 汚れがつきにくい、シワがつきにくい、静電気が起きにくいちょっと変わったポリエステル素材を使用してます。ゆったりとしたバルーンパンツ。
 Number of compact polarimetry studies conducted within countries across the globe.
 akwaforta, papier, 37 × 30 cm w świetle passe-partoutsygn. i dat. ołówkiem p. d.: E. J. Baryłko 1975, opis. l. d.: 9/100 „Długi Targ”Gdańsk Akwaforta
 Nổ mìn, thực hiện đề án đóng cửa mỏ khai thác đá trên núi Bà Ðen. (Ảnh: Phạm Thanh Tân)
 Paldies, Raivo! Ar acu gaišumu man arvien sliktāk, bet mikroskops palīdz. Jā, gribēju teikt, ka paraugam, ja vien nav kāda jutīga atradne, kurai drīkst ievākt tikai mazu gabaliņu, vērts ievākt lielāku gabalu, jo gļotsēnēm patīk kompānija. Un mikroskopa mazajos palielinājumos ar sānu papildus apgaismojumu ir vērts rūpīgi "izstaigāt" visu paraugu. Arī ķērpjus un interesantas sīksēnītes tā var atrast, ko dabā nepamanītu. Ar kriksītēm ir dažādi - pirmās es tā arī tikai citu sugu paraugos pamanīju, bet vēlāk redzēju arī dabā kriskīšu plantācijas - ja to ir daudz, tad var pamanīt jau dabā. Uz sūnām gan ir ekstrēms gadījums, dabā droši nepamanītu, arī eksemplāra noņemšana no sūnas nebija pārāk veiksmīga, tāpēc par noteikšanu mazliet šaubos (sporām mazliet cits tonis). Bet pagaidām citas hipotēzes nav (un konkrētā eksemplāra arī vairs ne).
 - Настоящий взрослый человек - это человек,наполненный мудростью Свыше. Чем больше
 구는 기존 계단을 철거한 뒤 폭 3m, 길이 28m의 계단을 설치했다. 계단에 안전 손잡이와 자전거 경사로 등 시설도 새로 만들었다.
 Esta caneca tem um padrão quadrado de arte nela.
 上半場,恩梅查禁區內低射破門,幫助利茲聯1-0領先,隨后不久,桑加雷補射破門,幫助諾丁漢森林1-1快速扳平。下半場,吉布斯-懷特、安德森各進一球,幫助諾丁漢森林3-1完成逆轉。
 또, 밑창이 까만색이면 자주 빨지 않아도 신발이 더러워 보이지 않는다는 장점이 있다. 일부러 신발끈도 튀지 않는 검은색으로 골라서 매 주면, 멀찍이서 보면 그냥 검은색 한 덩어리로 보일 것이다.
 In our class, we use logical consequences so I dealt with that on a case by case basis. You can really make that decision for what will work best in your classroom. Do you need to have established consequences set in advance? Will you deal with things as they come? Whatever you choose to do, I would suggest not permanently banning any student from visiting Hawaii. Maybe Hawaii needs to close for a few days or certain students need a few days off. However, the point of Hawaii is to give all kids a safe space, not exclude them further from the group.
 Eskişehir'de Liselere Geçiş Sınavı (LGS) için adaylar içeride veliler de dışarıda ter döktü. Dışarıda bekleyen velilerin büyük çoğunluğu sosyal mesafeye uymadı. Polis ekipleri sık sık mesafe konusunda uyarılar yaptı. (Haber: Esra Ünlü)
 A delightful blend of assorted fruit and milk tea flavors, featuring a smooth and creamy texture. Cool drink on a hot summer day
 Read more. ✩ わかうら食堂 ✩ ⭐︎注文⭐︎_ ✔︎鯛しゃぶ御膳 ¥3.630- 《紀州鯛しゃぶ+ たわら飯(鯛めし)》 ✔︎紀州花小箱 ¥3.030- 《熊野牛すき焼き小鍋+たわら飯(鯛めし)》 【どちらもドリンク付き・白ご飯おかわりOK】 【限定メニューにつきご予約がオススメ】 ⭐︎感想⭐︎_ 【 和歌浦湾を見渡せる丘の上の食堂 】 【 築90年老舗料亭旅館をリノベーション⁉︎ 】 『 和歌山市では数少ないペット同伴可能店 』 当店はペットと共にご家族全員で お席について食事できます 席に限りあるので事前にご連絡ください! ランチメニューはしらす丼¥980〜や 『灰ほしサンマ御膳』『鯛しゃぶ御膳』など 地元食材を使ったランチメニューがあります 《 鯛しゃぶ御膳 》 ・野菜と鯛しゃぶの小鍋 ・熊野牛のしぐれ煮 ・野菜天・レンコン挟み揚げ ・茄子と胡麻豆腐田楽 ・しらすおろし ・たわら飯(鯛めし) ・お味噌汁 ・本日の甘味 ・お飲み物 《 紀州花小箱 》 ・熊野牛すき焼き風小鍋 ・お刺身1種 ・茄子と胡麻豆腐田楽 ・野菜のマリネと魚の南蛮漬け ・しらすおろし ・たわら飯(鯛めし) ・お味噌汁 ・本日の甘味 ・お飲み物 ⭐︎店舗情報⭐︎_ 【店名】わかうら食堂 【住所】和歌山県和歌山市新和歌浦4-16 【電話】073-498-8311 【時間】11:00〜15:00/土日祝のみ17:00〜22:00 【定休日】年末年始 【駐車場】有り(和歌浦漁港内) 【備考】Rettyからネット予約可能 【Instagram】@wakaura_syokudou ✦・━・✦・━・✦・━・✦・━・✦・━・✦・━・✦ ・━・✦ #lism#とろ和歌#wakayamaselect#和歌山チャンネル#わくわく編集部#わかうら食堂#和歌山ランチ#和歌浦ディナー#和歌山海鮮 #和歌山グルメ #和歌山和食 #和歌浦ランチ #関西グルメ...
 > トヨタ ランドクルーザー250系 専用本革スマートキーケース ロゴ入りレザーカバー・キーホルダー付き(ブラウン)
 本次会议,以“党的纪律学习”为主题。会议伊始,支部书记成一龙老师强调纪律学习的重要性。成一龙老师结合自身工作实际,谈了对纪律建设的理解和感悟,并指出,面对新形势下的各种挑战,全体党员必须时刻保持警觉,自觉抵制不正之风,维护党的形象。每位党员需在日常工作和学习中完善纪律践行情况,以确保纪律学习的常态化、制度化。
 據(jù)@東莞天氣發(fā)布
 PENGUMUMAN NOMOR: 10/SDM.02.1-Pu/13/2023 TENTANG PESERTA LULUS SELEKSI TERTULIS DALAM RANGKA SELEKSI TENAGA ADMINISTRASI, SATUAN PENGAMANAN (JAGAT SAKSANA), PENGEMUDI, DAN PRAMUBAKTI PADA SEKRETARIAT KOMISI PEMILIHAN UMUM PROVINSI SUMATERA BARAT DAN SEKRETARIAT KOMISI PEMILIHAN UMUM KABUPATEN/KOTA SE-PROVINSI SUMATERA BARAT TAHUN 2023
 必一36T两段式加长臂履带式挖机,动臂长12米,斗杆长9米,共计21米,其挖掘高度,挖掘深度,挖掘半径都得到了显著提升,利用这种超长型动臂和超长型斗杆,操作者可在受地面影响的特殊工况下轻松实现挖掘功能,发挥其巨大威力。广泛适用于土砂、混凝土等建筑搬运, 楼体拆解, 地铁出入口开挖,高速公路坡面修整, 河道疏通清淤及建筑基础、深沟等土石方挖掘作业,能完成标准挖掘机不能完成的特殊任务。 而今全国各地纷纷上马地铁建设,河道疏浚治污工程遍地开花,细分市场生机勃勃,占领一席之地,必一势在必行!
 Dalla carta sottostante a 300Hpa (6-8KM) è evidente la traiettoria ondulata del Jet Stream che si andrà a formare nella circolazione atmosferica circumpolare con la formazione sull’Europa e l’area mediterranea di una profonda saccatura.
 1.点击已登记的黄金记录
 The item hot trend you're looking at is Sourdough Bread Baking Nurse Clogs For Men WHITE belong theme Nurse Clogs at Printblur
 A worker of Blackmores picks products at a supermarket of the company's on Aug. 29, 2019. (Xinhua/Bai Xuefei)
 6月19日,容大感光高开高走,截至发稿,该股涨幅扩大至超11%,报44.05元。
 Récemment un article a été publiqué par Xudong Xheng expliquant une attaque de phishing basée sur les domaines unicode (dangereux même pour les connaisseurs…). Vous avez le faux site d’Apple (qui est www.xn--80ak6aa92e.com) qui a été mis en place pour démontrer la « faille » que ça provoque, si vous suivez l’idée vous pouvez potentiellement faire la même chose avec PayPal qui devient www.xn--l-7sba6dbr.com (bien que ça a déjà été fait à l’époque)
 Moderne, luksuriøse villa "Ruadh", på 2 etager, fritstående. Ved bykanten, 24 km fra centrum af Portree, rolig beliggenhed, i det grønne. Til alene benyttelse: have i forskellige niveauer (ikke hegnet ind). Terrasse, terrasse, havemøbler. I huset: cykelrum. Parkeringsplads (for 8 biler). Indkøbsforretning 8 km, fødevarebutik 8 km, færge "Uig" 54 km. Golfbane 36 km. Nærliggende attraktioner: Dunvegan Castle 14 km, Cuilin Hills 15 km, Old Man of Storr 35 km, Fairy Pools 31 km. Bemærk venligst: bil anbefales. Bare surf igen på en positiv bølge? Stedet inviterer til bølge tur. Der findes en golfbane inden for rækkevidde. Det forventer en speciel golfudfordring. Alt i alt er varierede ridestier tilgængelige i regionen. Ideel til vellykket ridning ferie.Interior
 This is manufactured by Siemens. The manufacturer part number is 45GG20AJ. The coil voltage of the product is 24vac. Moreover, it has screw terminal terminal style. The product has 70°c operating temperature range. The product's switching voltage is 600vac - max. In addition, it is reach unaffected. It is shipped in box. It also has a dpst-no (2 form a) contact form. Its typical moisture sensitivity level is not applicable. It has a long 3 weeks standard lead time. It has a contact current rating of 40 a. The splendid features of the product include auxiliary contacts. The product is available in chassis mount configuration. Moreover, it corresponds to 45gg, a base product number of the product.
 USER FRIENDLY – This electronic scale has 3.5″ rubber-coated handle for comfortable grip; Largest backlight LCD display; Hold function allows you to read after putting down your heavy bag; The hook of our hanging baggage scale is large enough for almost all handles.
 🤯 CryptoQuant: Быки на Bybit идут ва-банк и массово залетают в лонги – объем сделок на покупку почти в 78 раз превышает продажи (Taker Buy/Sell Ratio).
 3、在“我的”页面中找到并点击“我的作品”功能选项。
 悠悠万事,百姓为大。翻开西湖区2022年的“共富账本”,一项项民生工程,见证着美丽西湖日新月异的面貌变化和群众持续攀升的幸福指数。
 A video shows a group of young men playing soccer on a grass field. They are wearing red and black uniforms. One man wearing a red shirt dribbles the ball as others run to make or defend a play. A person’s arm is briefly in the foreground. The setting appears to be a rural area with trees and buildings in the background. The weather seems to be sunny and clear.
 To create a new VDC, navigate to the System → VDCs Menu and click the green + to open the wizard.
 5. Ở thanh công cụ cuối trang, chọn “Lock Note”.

Task to complete | Return only the part of the records above that opens with the line containing "In our class, we" and closes with the line containing "A delightful blend", ends included.

Task result |
 In our class, we use logical consequences so I dealt with that on a case by case basis. You can really make that decision for what will work best in your classroom. Do you need to have established consequences set in advance? Will you deal with things as they come? Whatever you choose to do, I would suggest not permanently banning any student from visiting Hawaii. Maybe Hawaii needs to close for a few days or certain students need a few days off. However, the point of Hawaii is to give all kids a safe space, not exclude them further from the group.
 Eskişehir'de Liselere Geçiş Sınavı (LGS) için adaylar içeride veliler de dışarıda ter döktü. Dışarıda bekleyen velilerin büyük çoğunluğu sosyal mesafeye uymadı. Polis ekipleri sık sık mesafe konusunda uyarılar yaptı. (Haber: Esra Ünlü)
 A delightful blend of assorted fruit and milk tea flavors, featuring a smooth and creamy texture. Cool drink on a hot summer day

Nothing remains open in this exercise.